WHAT YOU ARE ASKED TO DO —
Output exactly, and only, the lines below from the one with "伟德国际bevictor19" down to the one with "Denna lägenhet på". Include both end lines and no pictures.

DATA PROVIDED —
------------------------------------
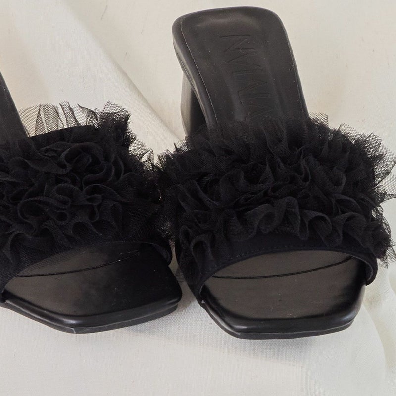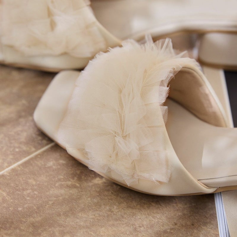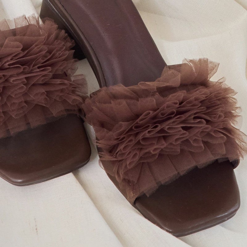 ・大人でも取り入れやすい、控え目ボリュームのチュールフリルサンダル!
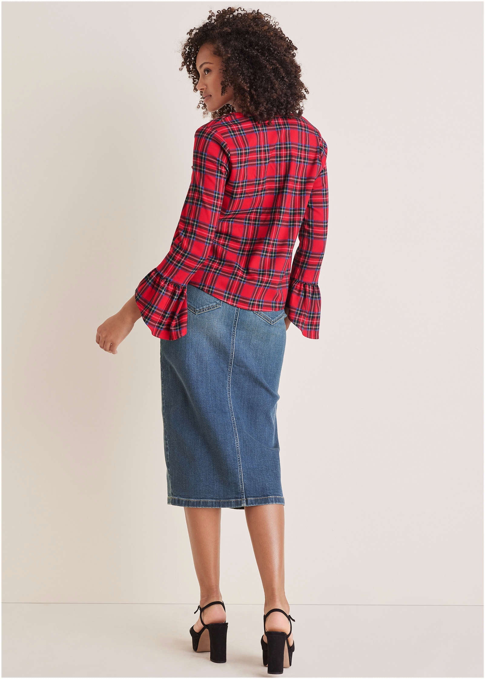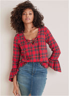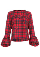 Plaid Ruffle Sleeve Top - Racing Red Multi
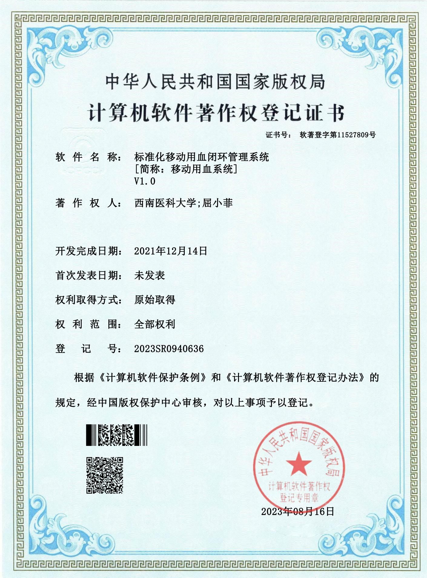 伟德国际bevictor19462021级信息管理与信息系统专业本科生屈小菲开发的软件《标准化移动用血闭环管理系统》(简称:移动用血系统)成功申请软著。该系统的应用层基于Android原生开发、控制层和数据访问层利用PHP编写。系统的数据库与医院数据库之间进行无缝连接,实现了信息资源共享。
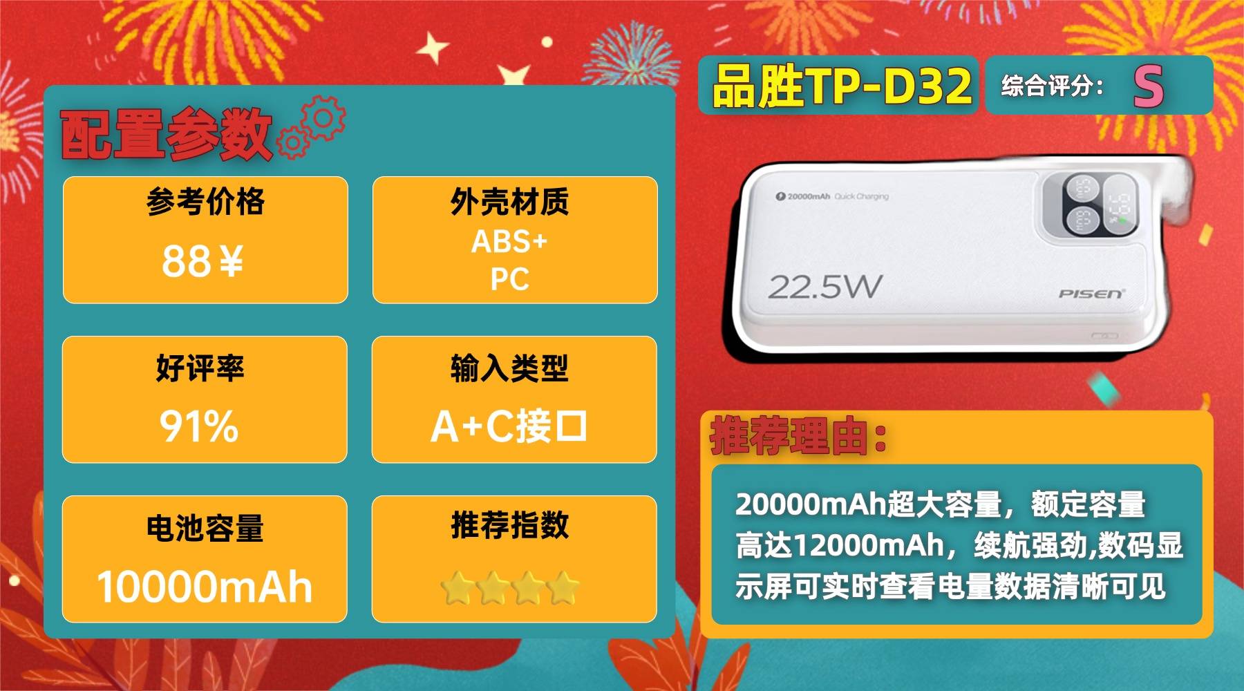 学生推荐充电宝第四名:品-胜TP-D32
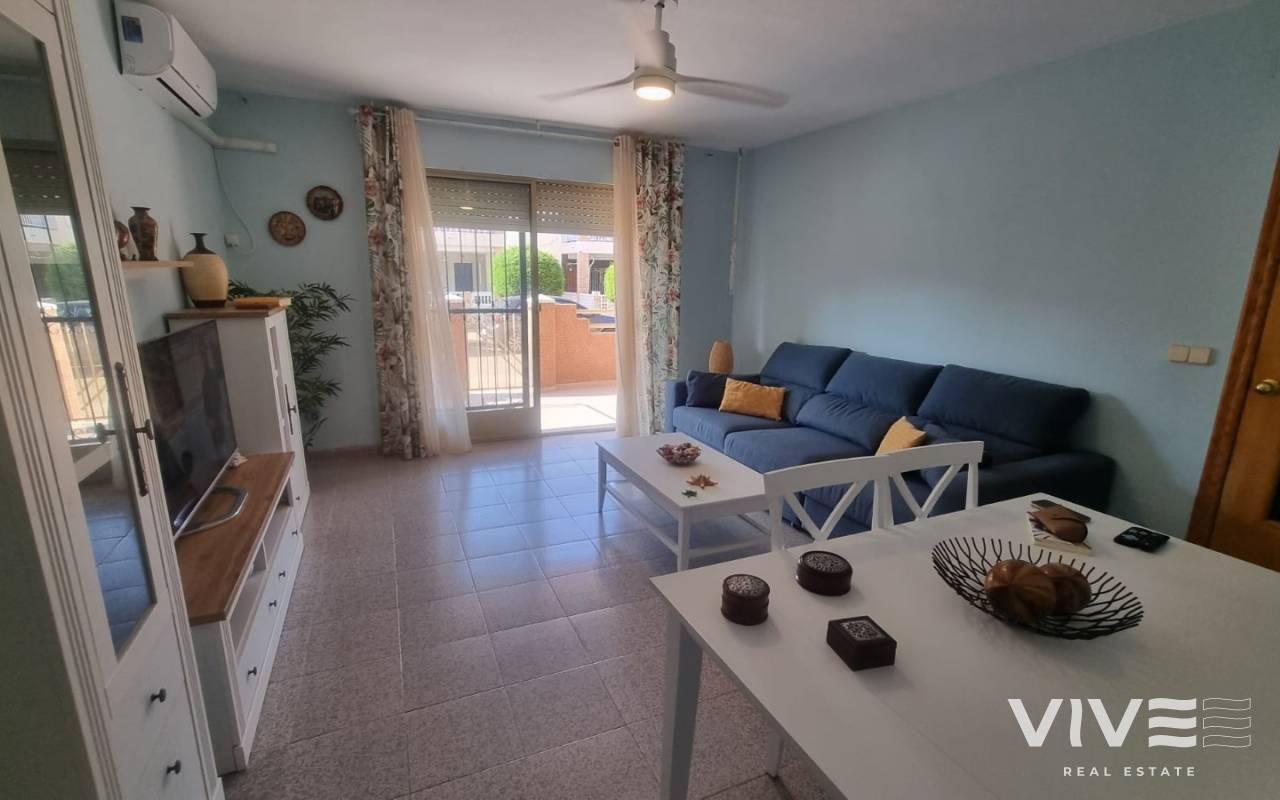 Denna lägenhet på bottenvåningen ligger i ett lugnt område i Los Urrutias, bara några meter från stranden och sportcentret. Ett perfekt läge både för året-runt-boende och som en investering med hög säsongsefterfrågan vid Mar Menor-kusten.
------------------------------------
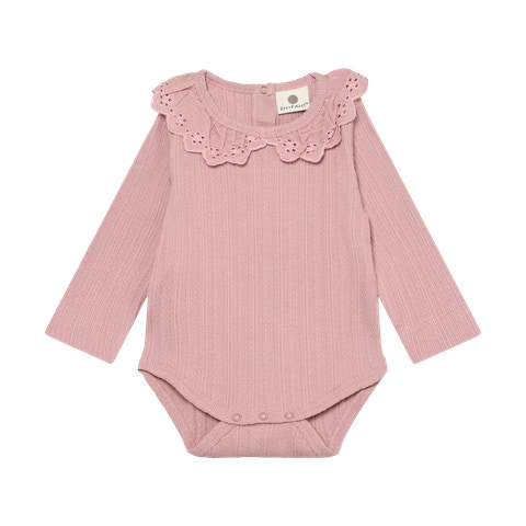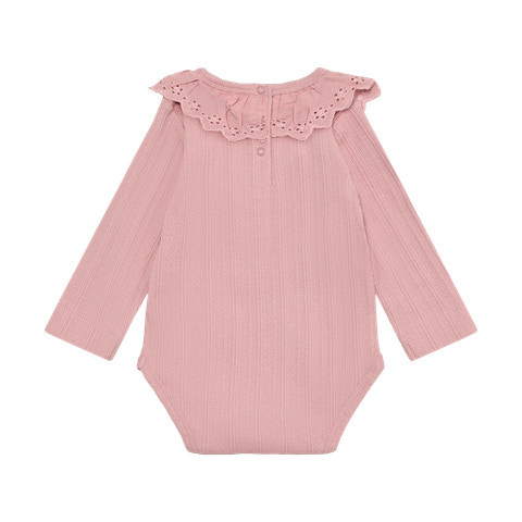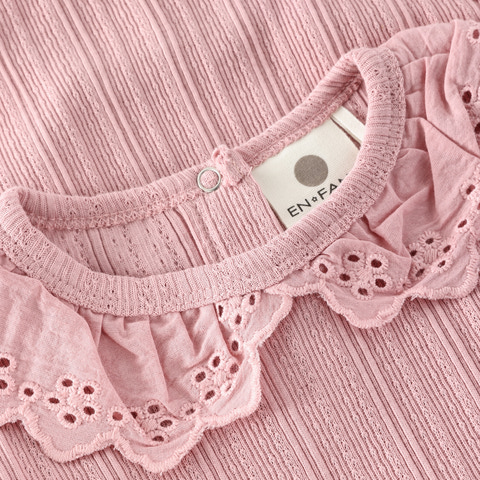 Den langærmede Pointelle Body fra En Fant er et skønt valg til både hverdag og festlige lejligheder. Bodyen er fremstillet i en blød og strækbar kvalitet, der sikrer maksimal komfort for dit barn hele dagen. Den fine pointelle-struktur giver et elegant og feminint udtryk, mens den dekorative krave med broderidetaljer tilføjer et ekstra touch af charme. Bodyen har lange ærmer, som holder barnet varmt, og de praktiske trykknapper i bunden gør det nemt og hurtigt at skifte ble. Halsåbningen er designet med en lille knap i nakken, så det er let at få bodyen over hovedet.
------------------------------------
SOLUTION TO THE PROBLEM —
 伟德国际bevictor19462021级信息管理与信息系统专业本科生屈小菲开发的软件《标准化移动用血闭环管理系统》(简称:移动用血系统)成功申请软著。该系统的应用层基于Android原生开发、控制层和数据访问层利用PHP编写。系统的数据库与医院数据库之间进行无缝连接,实现了信息资源共享。
 学生推荐充电宝第四名:品-胜TP-D32
 Denna lägenhet på bottenvåningen ligger i ett lugnt område i Los Urrutias, bara några meter från stranden och sportcentret. Ett perfekt läge både för året-runt-boende och som en investering med hög säsongsefterfrågan vid Mar Menor-kusten.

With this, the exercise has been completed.